- _ASSIGNMENT_:
Up to and including the line bearing "Chicago skyline with", output every line of the entries exactly as written, starting from the first; pictures stay out.

- _DATA SHOWN_:

========

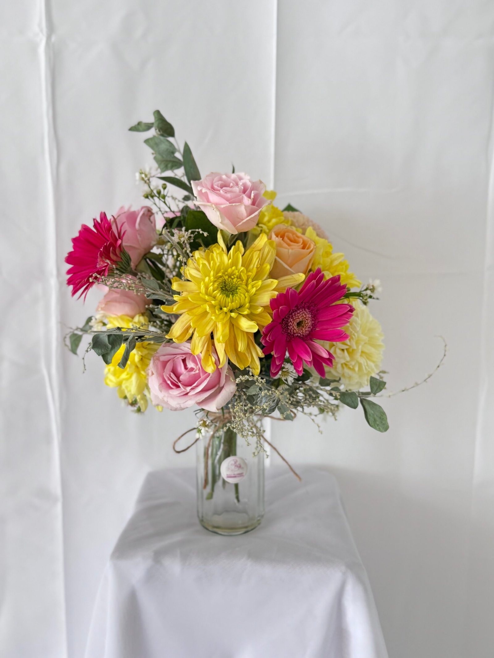 The crystal vase is crafted with precision and designed for durability, ensuring it remains a stunning addition to your home for years to come. The flowers stay fresh for long-lasting beauty that captures attention at every glance.
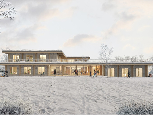 Een voorbeeld van circulaire nieuwbouw is de Montessori school in Maassluis, Figuur 6 en 7. In een dichte stedenbouwkundige context zal de wederopbouw voor de Montessorischool worden ontwikkeld zoveel mogelijk volgens de principes van de circulaire economie met adaptieve en omkeerbare structuren, natuurlijke en hergebruikte materialen, energiepositief, en doordachte prefabricatie en re-montabel bouwen.
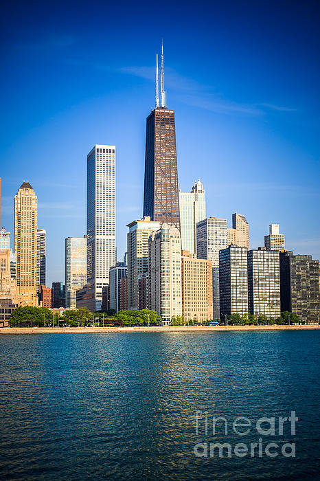 Chicago skyline with John Hancock Center Building. The John Hancock Center building is one of Chicago's most popular and recognizable skyscrapers. Image Copyright � 2010 Paul Velgos with All Rights Reserved.
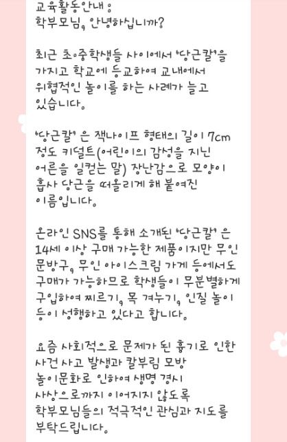 대구시교육청은 공문에서 “사회적으로 문제가 된 흉기로 인한 사건·사고 발생과 칼부림 모방 놀이문화로 인해 생명 경시 사상으로까지 이어지지 않도록 학부모들의 관심과 지도가 필요하다”고 안내했다.
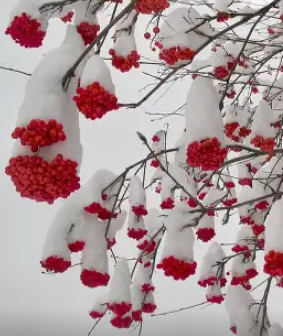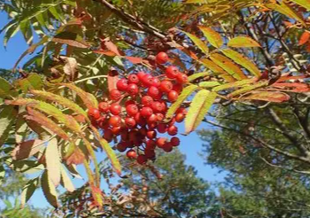 秋には紅葉し、真っ赤な丸い実が房になって実ります。
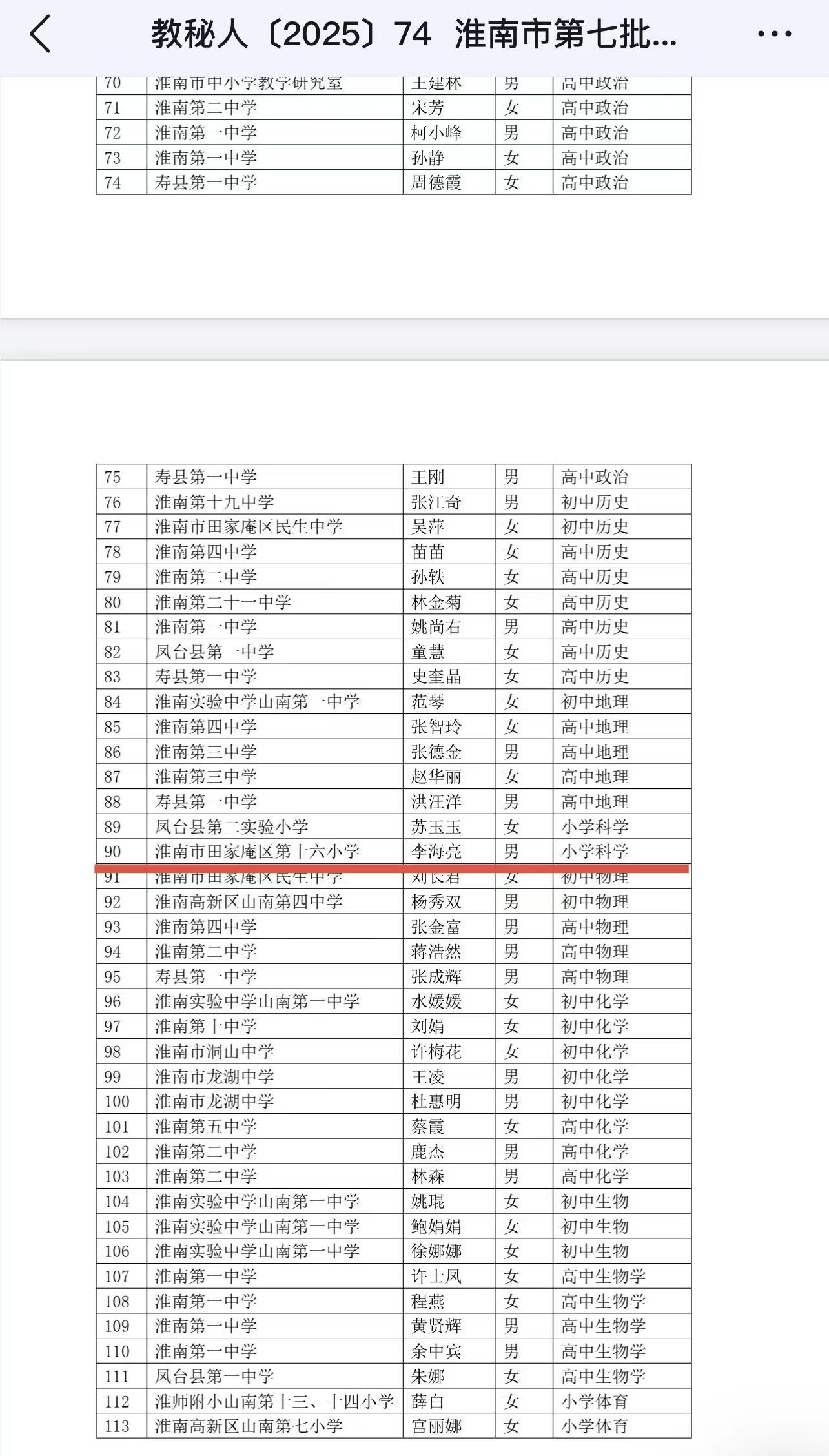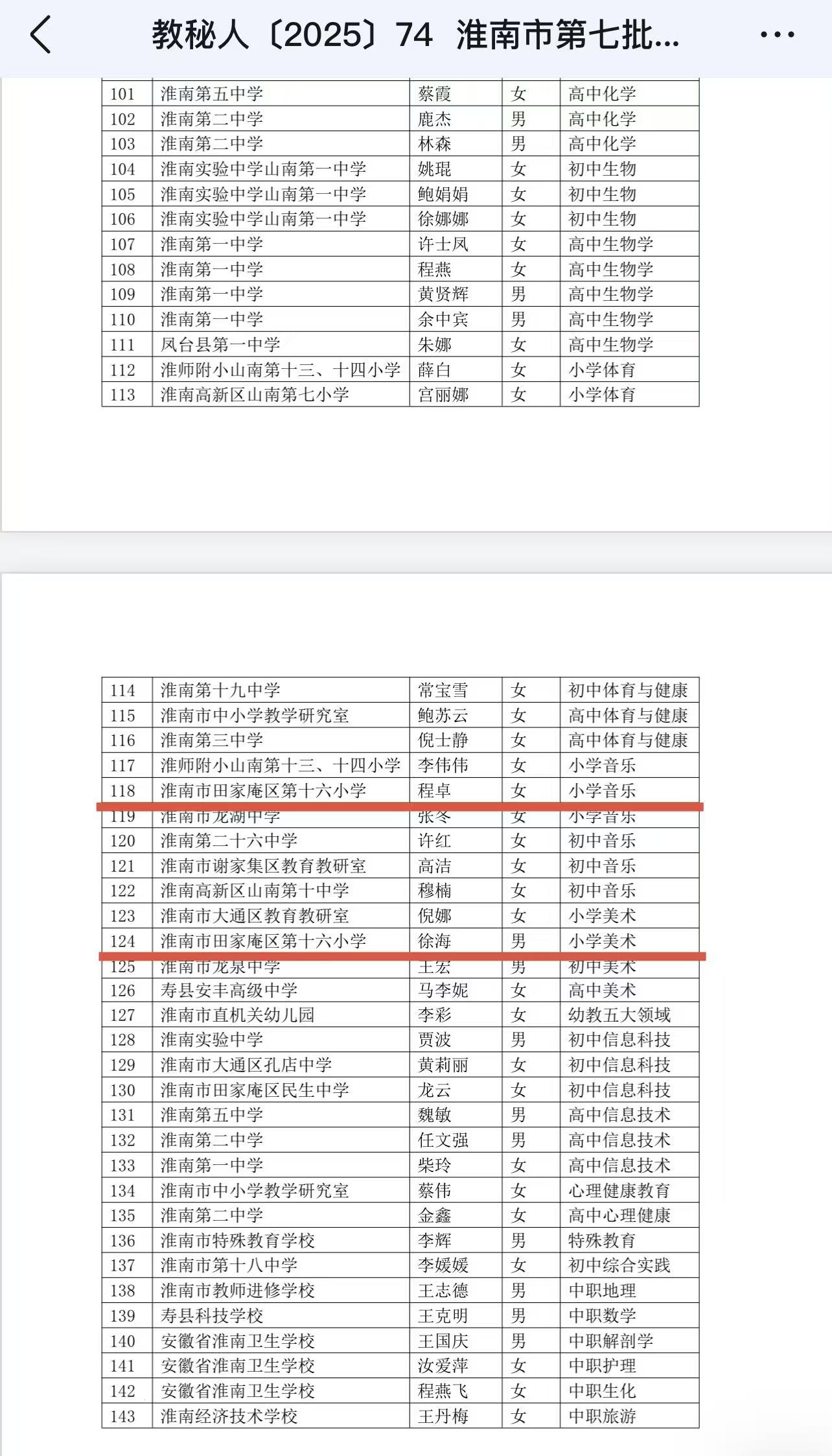 • 淮南市第七批学科带头人:徐海、程卓、李海亮、鲍静
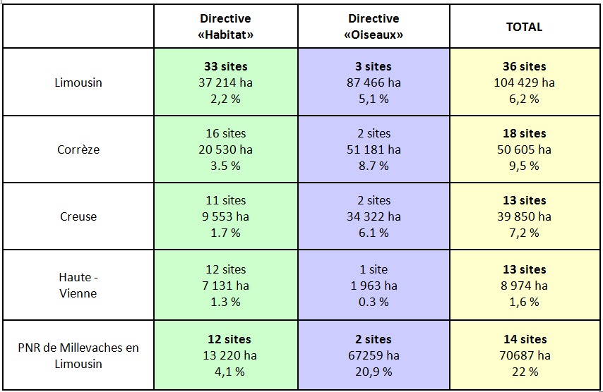 Le réseau de sites Natura 2000 représente environ 6,2 % du territoire du Limousin répartit comme suit :
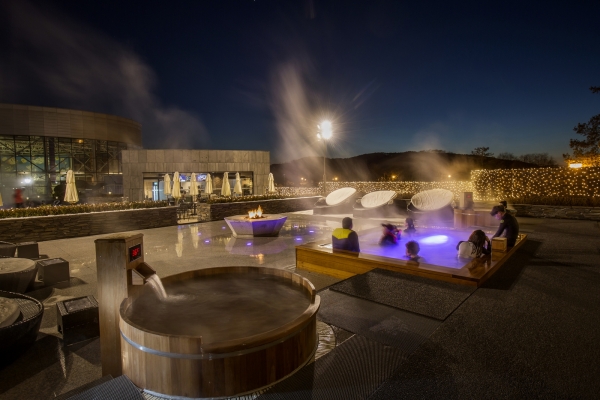 설악워터피아의 또다른 매력 중 하나는 전 세계 유명 온천들을 모티브로 하여 총 16개의 탕으로 구성된 설악워터피아만의 특별한 야외 온천 시설인 스파밸리입니다.
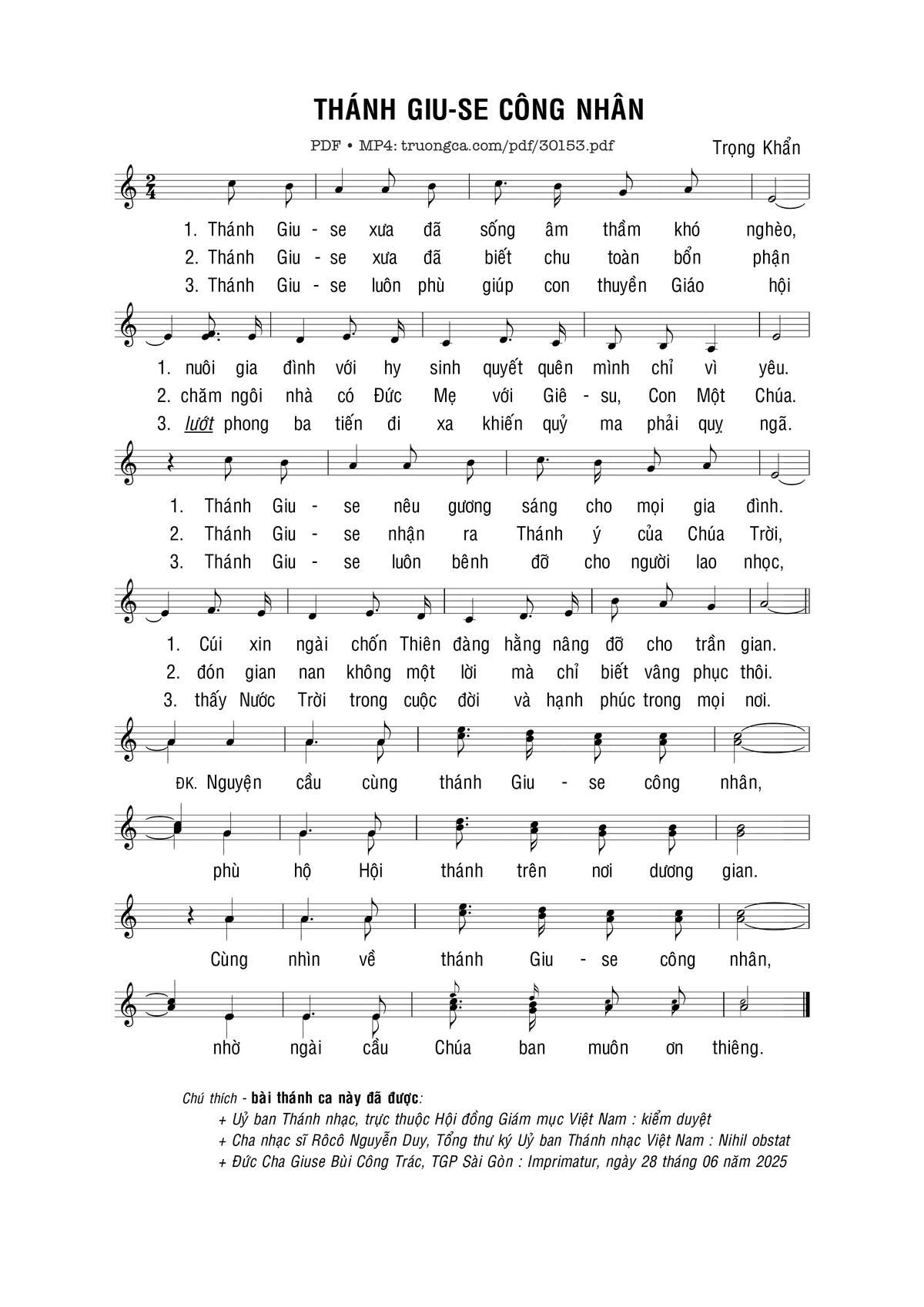 Sheet nhạc có nốt Thánh Giuse công nhân của nhạc sĩ Trọng Khẩn và file PDF nốt nhạc đăng lên đây nhằm giúp các bạn xướng âm cho đúng nốt và hát thêm hay, chỉ mang tính chất tham khảo, không có mục đích thương mại. Bản quyền thuộc về tác giả và tổ chức nắm bản quyền, Truongca.com không giữ bất kỳ bản quyền của nội dung nào cả. Các bạn có thể tải về bản PDF chất lượng cao, gồm khuông nhạc có nốt với đường link file PDF bên trên.
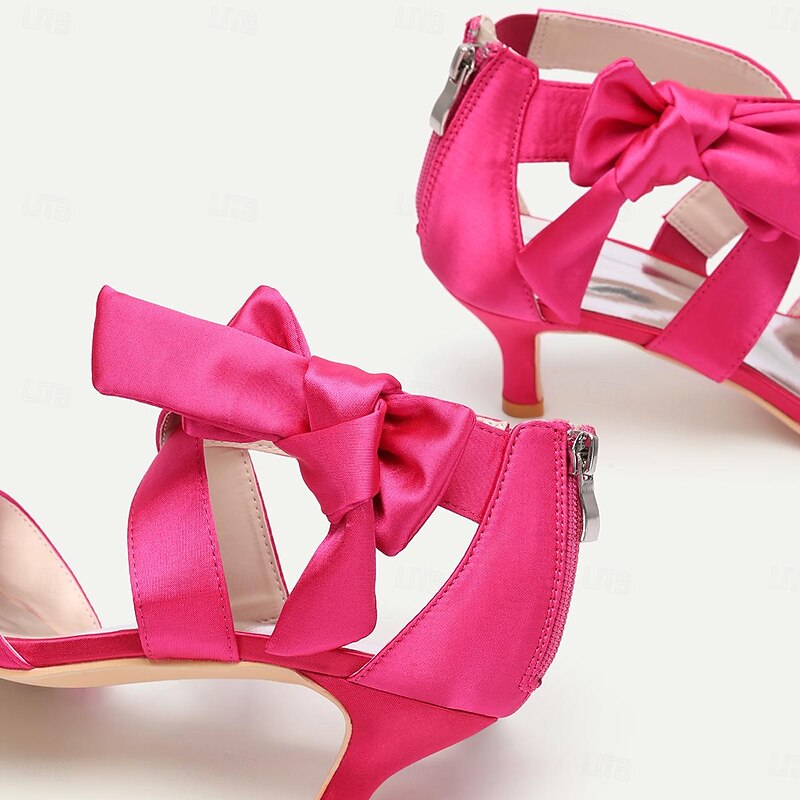 More information about Women's Wedding Shoes Bridal Shoes Bowknot Kitten Heel Open Toe Satin Zipper Black White Ivory

========

- _RESULT OF THIS EXERCISE_:
 The crystal vase is crafted with precision and designed for durability, ensuring it remains a stunning addition to your home for years to come. The flowers stay fresh for long-lasting beauty that captures attention at every glance.
 Een voorbeeld van circulaire nieuwbouw is de Montessori school in Maassluis, Figuur 6 en 7. In een dichte stedenbouwkundige context zal de wederopbouw voor de Montessorischool worden ontwikkeld zoveel mogelijk volgens de principes van de circulaire economie met adaptieve en omkeerbare structuren, natuurlijke en hergebruikte materialen, energiepositief, en doordachte prefabricatie en re-montabel bouwen.
 Chicago skyline with John Hancock Center Building. The John Hancock Center building is one of Chicago's most popular and recognizable skyscrapers. Image Copyright � 2010 Paul Velgos with All Rights Reserved.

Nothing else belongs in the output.